Ask goose to clone ai4curation/ai-ontology-tutorial. If you have a favorite location on your disk for checked out repos, you can instruct it to place it there.

Or if you like, you can clone the repo using your favorite git client, e.g. Github Desktop.

In the top of the window for Goose there is a file navigator, you can use this to navigate to the repo in which you checked out the demo repo

Open the ontology in Protege

The demo repo contains one OWL file, anatomy.ofn. Open this with Protege. You should see a (highly incomplete!) anatomy ontology, with terms for digit and limb segment

Ask goose to query the ontology

Try asking questions like what are all the subclass axioms in the ontology?

(remember this is a small test ontology and we don't expect many)

Adding terms

Now try asking for multiple terms to be added in batch:

Add terms for fingers, toes, hands, and feet, ensuring part-of relationships between them

You should be able to see the AI working

Sync Protege

Switch to your Protege window.

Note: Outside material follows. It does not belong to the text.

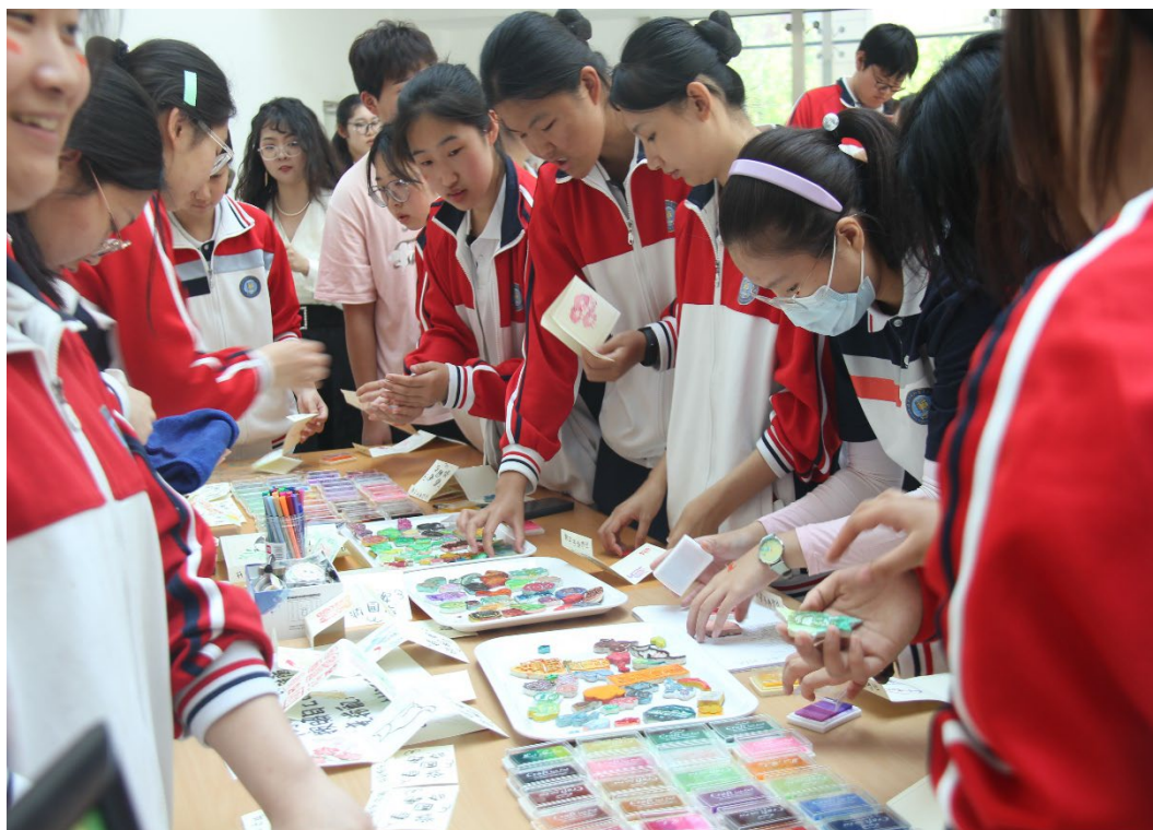
图 1-3 心理游园会—我手印我心

Protege will inform you that the file has changed, and ask if you want to see the new content. Say yes.

The Protege screen should show the changes having been made.

Adding more complex axioms

Now try asking:

Add an axiom stating that hands have 5 fingers

This should end up putting a cardinality axiom into the ontology. It may do this by using an inverse expression, you can ask it to name the inverse property instead (see video).

Other experiments

I recommend trying experiments on this test repo. Also try experiments like having goose write code that parses the ontology and summarizes the content.

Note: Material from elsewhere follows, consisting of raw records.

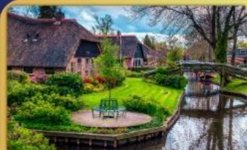
ล่องเรือหมู่บ้านไรทอนท์ธูร์น
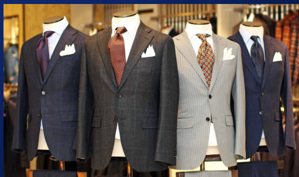
⑤葛利毛織の三越伊勢丹別注スーツ

http://www.mistore.jp/brand/story/20161114/index.html
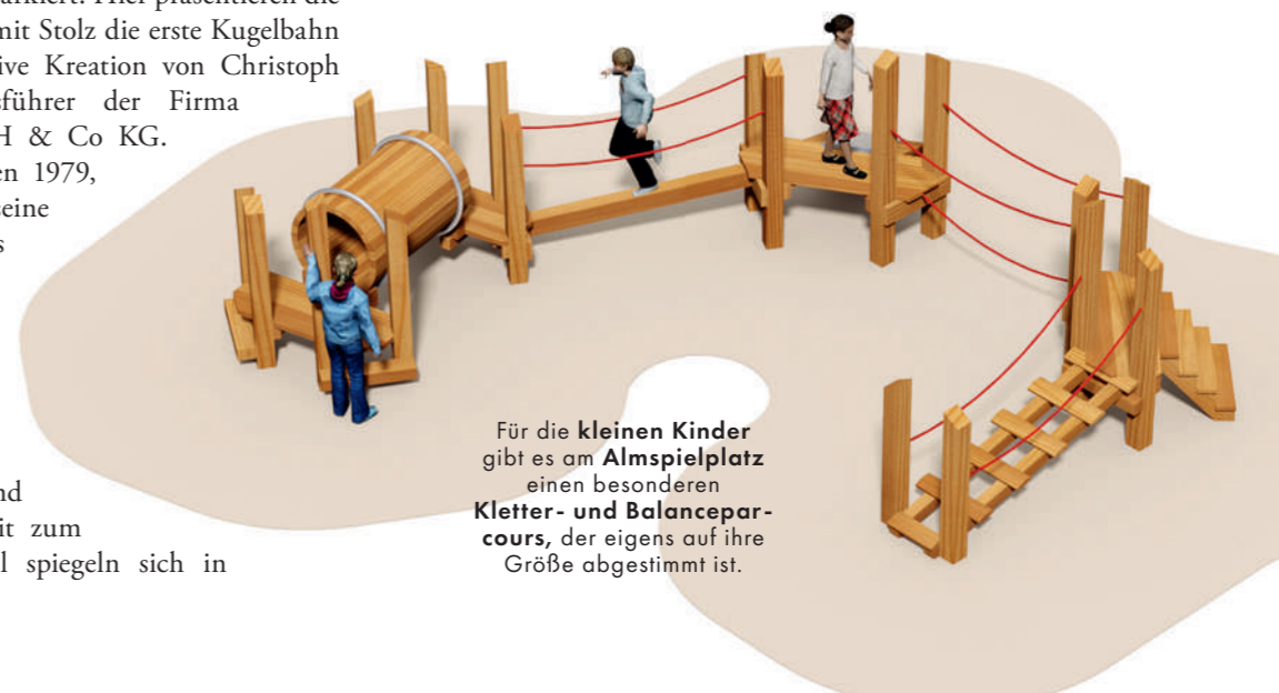
Für die kleinen Kinder gibt es am Almspielplatz einen besonderen Kletter- und Balanceparcours, der eigens auf ihre Größe abgestimmt ist.

Der Almspielplatz entfaltet für die kleinen Abenteuer*innen eine faszinierende Welt. Anmutige hölzerne Torbögen fügen sich harmonisch in das Gesamtkonzept des Katschbergs ein, während eine abenteuerliche Hang-Röhrenrutsche eine spannende Verbindung zwischen der Kugelbahn und dem Almspielplatz schafft. Eine charmante hölzerne Schutzhütte, ausgestattet mit Sanitäreinrichtungen und Erfrischungsautomaten, lädt zu einer Pause ein und dazu, die idyllische Umgebung zu genießen. Ein vergnügliches Sand-Wasserspiel mit archimedischer Spirale, Wasserrädern und einem abgegrenzten Sandbereich sorgt für Freude und Abkühlung. Ein Gurtsteg, der wie ein Trampolin reagiert, eine Doppelseilbahn und ein Karussell in Katschi-Blau setzen zusätzliche Glanzlichter auf dem Spielplatz. Der Kleinkindparcours eröffnet den jüngsten Besucher*innen vielfältige Möglichkeiten zum Klettern, Balancieren und Durchqueren. Schaukeln in verschiedenen Ausführungen, Wippen in Form einer fröhlichen Schafherde, die sogar lustig blöken kann, und eine Doppelwippe für bis zu vier Kinder bieten unzählige Spielooptionen.

Putting this into practice

  • if you want to start using this with an existing OWL ontology like CL, you need to have robot on your path, so that the ontology can be normalized prior to commits
  • if you are using obo format as source, it's a slightly different workflow, see the odk-ai repo for details
  • if your ontology is set up to use AI agents triggered by github actions, then you don't actually need to run any AI tools locally. However, I strongly recommend learning how to do this, as this will empower you to do many more things than are possible with the GitHub agent.